Die Szene erinnert an einen Wartesaal, allerdings geht hier alles ein wenig zu steif und zu nobel zu. Die Personen lassen sich vielleicht nicht auf den ersten, aber doch auf den zweiten Blick erkennen. Sie sind derart prominent, dass bereits wenige Kennzeichen, darunter Kopfform, Kleider- und Haartracht sowie karge Gesichtszüge genügen, sie zu identifizieren. Es handelt sich von links nach rechts um Gerhard Schröder, Helmut Schmidt, Angela Merkel und Helmut Kohl. Drei Alt-Bundeskanzler und die amtierende Kanzlerin. Das Quartett der Regierungschefs, das seit 1974 die Geschicke Deutschlands lenkt oder gelenkt hat. Zwei Sozial- und zwei Christdemokraten. Ein Denkbild, kein Pressebild. Die gezeigte Begegnung hat es nie gegeben, sie ist aber bis heute durchaus denkbar. Der Künstler hat sie erfunden und am Bildschirm digital aus mehreren Einzelfotos, die er getrennt und an unterschiedlichen Orten aufgenommen hat, zum Gruppenbild zusammengefügt. Auch der Raum mit dem Gemälde des amerikanischen Expressionisten Barnett Newman aus dem Jahr 1951 als Hintergrund ist fiktiv, gemeint aber ist natürlich das Kanzleramt.

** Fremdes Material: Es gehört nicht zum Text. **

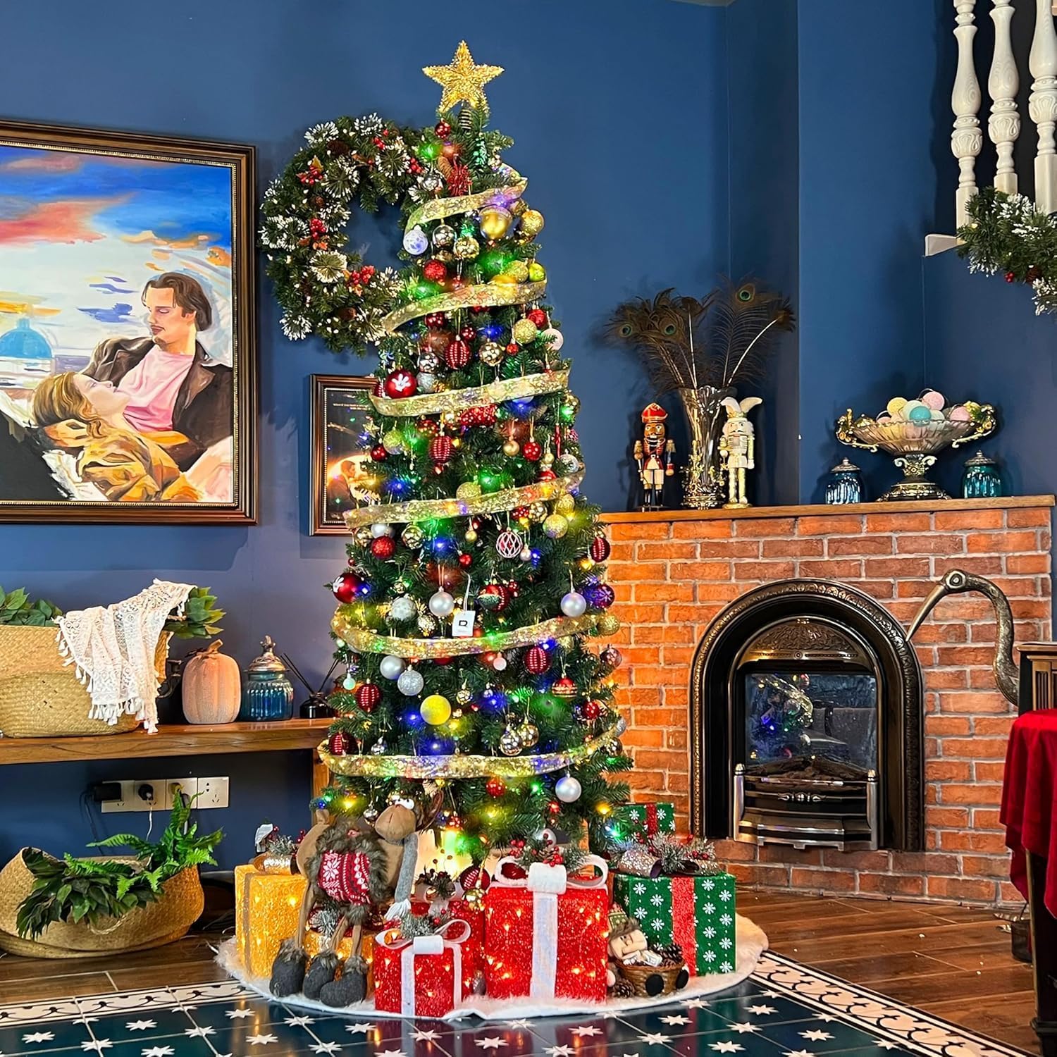 - PRE-LIT CHRISTMAS TREE: The Christmas tree is pre-strung with 200 color changing lights that change from warm white to multicolor with the touch of a button, add a fantastic festive atmosphere to your home. The bulbs are UL certificed, safely designed to remain lit even if one burns out. Included is a foot pedal switch to control 10 different light colors and actions
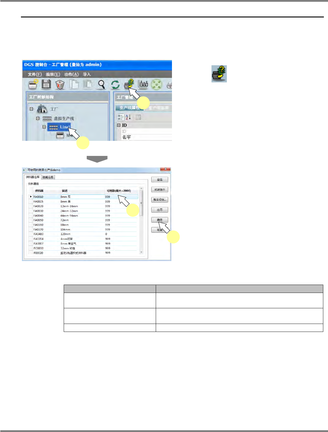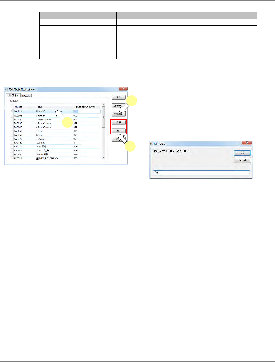 NPM-DGS 程序手册 4.11 供料器仓库的設定 EJS9AC-MB-04P-37 Page 4-121 4.11 供料器仓库的設定 在供料器仓库的設定中,设定供料器 。 供料器数的确认和编辑 1 选择需要设定的生产线后, 点击工具栏 的 ( 编辑仓库 ) 。 显示出供料器仓库设定画面。 在供料器数列表中显示以下字段。 • ‘ 供料器 ’ • ‘ 描述 ’ • ‘ 可用数 ’ 2 输入可利用的供料器数。 3 点击 [ 确…
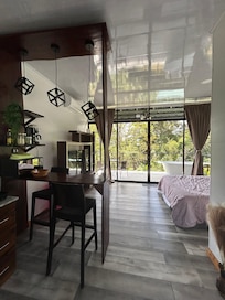 The views of the rainforest from the patio are spectacular and serene. Scarlett macaws and toucans can be seen in the front yard at dawn and dusk. The room is clean and comfortable. The kitchen offers everything needed to cook basic meals. The smart tv has Netflix and a cozy evening in can be spent cuddling on the bed. Emily and her parents are very kind and helpful.A second hook in the bathroom for towels and some hooks by the entrance for raincoats would be a great addition.Thank you for having us and your help! It’s the perfect location; a beautiful oasis in the rainforest but still close to town!
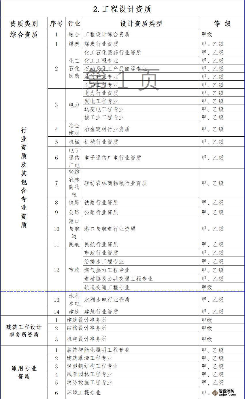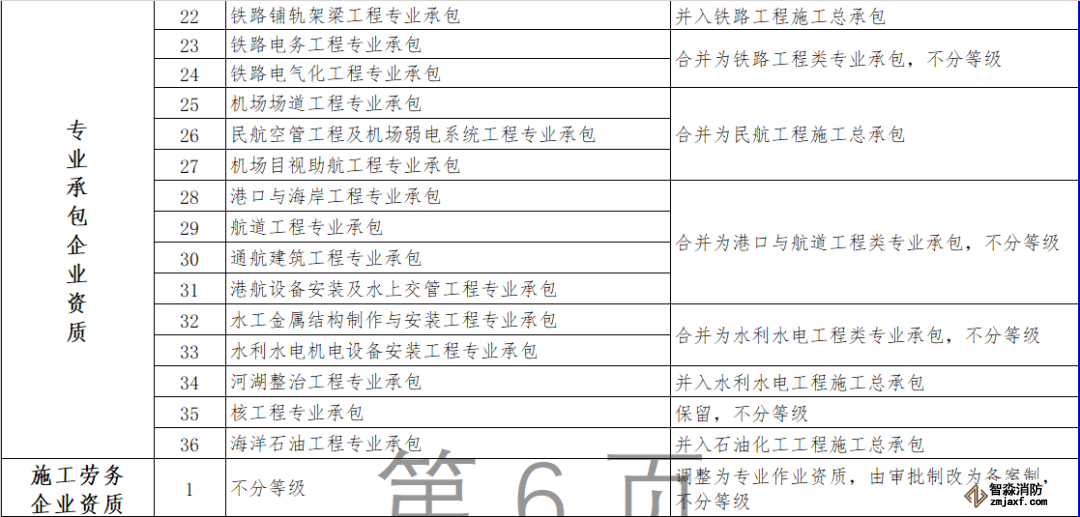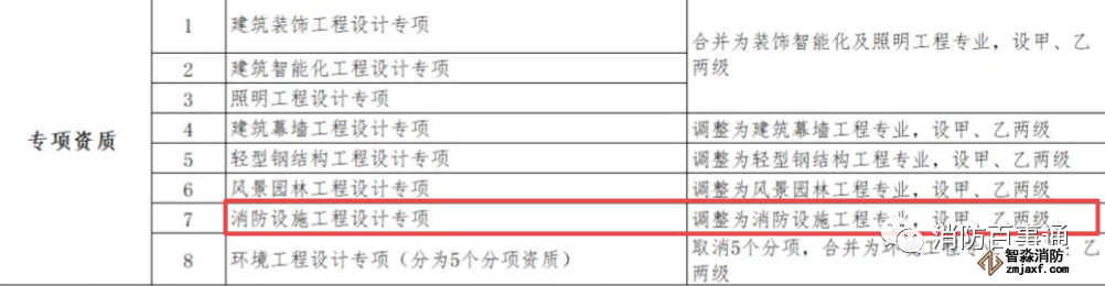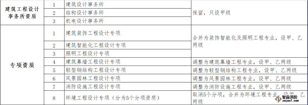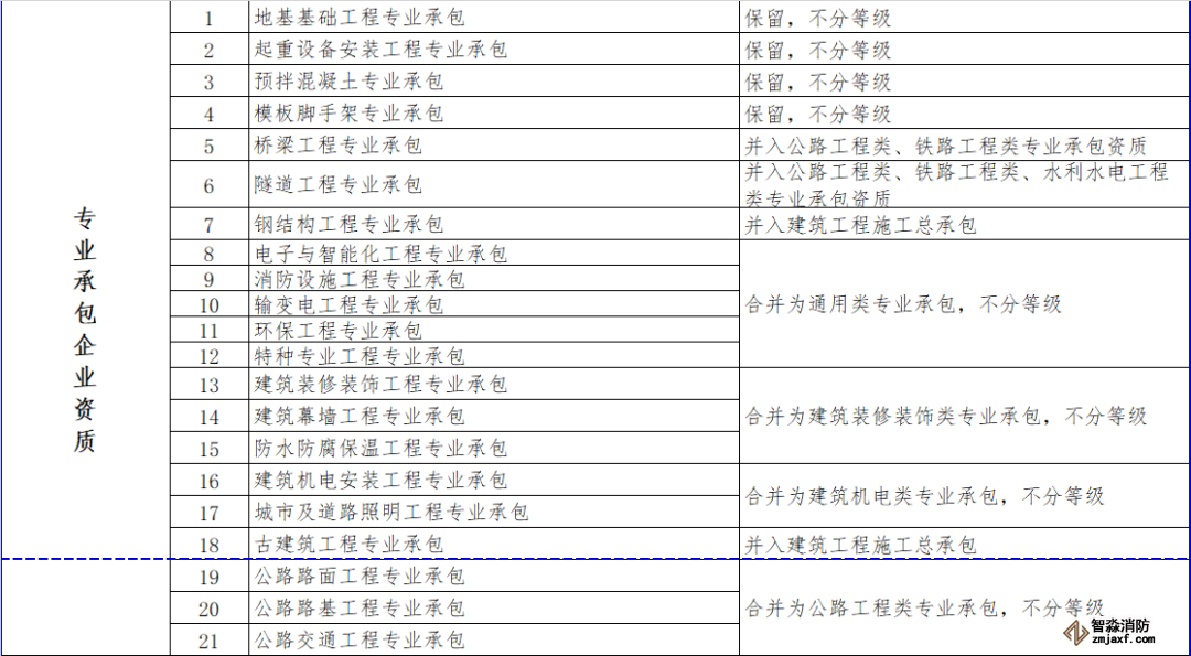 消防設(shè)施施工專業(yè)承包資質(zhì)和其他幾項資質(zhì)合并為通用類專業(yè)承包,不分等級。

Worauf zielt das Bild ab? Andreas Gursky ist ein international höchst renommierter und erfolgreicher Fotograf, der Kunst schafft. Seine Bilder schildern die Wirklichkeit nicht einfach ab, sondern konstruieren eine ästhetische Realität, die über den Alltag im übertragenen Sinne hinausweist. Sie verdichten bestimmte Verhältnisse und machen sie prägnant, so dass sie besser zu erkennen und einzuschätzen sind. Wirklichkeit, die durch Erfindung beglaubigt wird. Im vorliegenden Fall geht es um ein Bild der Bundesrepublik über einen Zeitraum von vier Jahrzehnten, dargeboten anhand von vier Porträts politisch verantwortlicher Repräsentanten. Drei Männer und eine Frau, die bereits Geschichte geschrieben haben. Vier Politiker, die recht isoliert voneinander dasitzen und sich nur wenig zu sagen haben, ausgenommen vielleicht die beiden mittleren, das heißt den ältesten Vertreter und die jüngste Inhaberin des Amtes. Parteipolitische Grenzen spielen dabei keine Rolle. Man blickt zurück. Wir aber blicken über die Rückenfiguren, die als Betrachter eher gelangweilt einem bedeutenden Gemälde der Moderne gegenübersitzen, in Richtung eines großartigen Kunstwerks im Zentrum des Bildes. Und betrachten gleichzeitig ein anderes, brandaktuelles Bild, das selbst wiederum ein programmatisches Glanzstück von fast identischer Größe (und Farbe) ist. Nicht geschaffen im Blick auf den Tag der deutschen Einheit, aber doch bestens geeignet, ihn künstlerisch und damit kritisch zu würdigen.

Diese Fassung wurde mit Einverständnis des Autors geringfügig gekürzt.